Gold is not an investment vehicle; it is a hedge, or stabilizer. It normally changes slowly, but in a crisis will rise rapidly.
And gold was fixed at $20 until 1933, at $35 until 1971.
Would you like for me to keep them for you? They must be making your bed spring sag...
See tagline.
Why not price it in cubic feet of helium?
Six years of phenomenal growth in the government, government contractors, military contractors, and W’s oil buddies. Too bad vetoes didn’t show any growth.
See the source.
The index of the 30 largest stocks has only been published since 1896 but it can be computed back from there. Pretty good returns over time and this doesn’t include dividends.
Because helium has not been around for trading for 10,000 years. And helium is not a store of value.
At the start there were only twelve.
...but it can be computed back from there.
You claim an industrial average can be extrapolated back 96 years, decades prior to the industrial revolution?
Ludicrous.
What tools does a president have to spur economic growth? Cut taxes and get out of the way. Which he did, and the results were phenomenal.
Oil buddies? Are you one of those Haliburtophobes?
Helium has been around at least as long as gold. And it's a whole lot more fun.
Why can't it be a store of value?
bttt
Well, in that light, a lot of things are Bush’s fault: He didn’t like going against the status quo, and didn’t veto a lot of bad bills, and left a lot of Clinton appointees in office, including retaining Greenspan.
Given the proper source material, i. e. the stock prices as published daily by the exchange and reported by the press it should be possible to compute any index back to the origin of the market. Not saying I’d like to do it but if some bright boy or girl working for his masters wanted to try it I’m sure they could.
Ludicrous though it may be, I’ve seen the chart published in several books.
But far be it from me to introduce facts, observations or opinions that contradict your obviously superior preconceptions.
Ten chimps picking numbers from lotto ball machines would produce results just as accurate.

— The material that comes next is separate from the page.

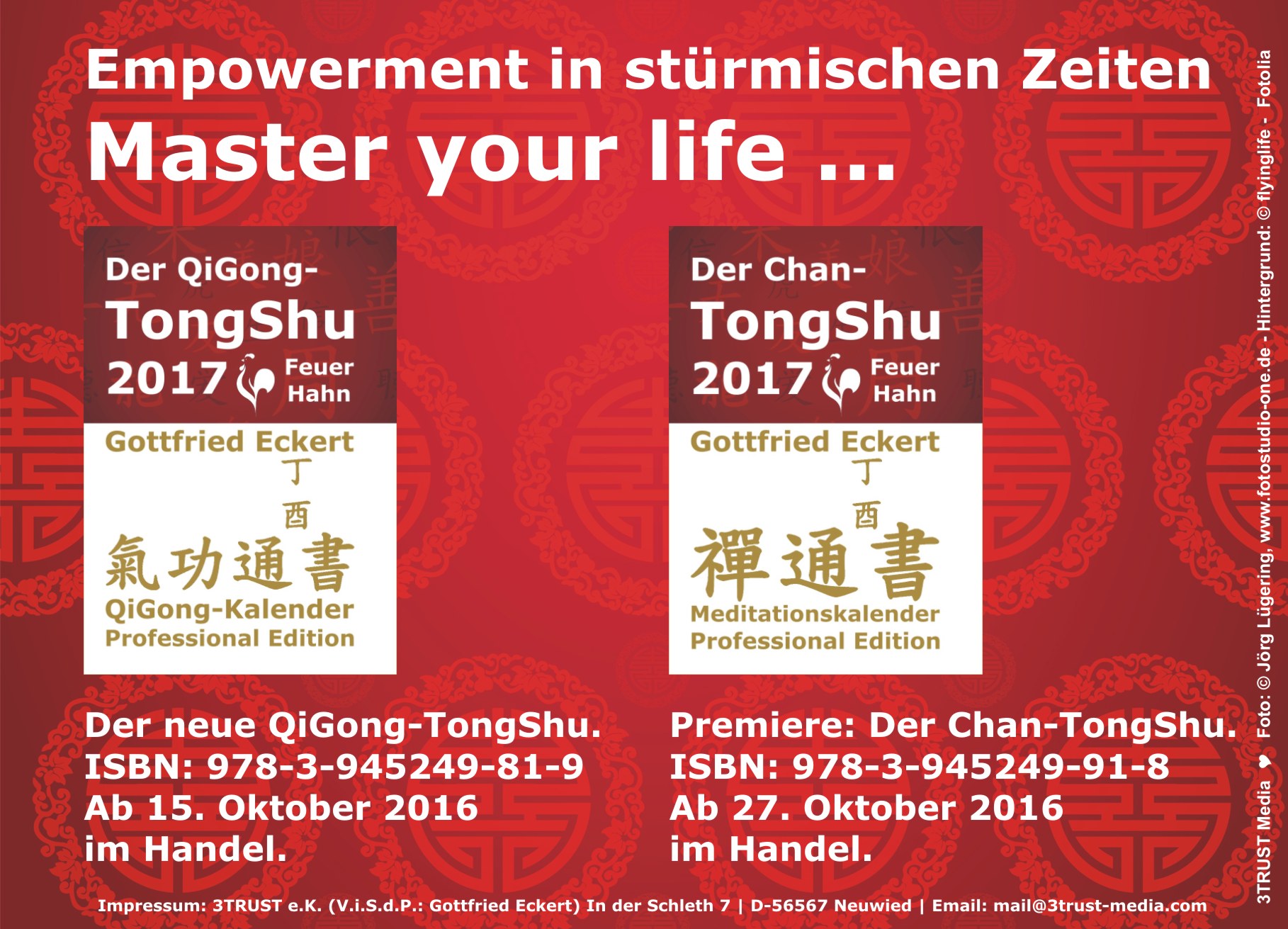 12.09.2018 | Seit 12.09.2018 im Handel ... Der QiGong-TongShu 2019, Autor/Herausgeber: Gottfried Eckert, Verlag: 3TRUST e.K., ISBN: 978-3-945249-83-3, Paperback, 468 Seiten, s/w, 21,0 x 14,8 cm |

The only tax cuts that worked were authored mainly by Congressman Bill Thomas in 2003. W’s tax cuts like the one time rebates that he’s doing again don’t work. The president has influence on the value of the dollar since his agency, the Treasury can choose to intervene or not intervene. He has 100% control over executive orders. He should have lifted the ban on offshore drilling back in 2001. He can influence the regulations and spending coming out of Congress with vetoes, which he chose not to do. He supported big budget increases for the IRS and SEC so they could harass businesses and individuals. He supported Sarbanes Oxley which has had a negative impact on our economy. And he supported amnesty for illegals.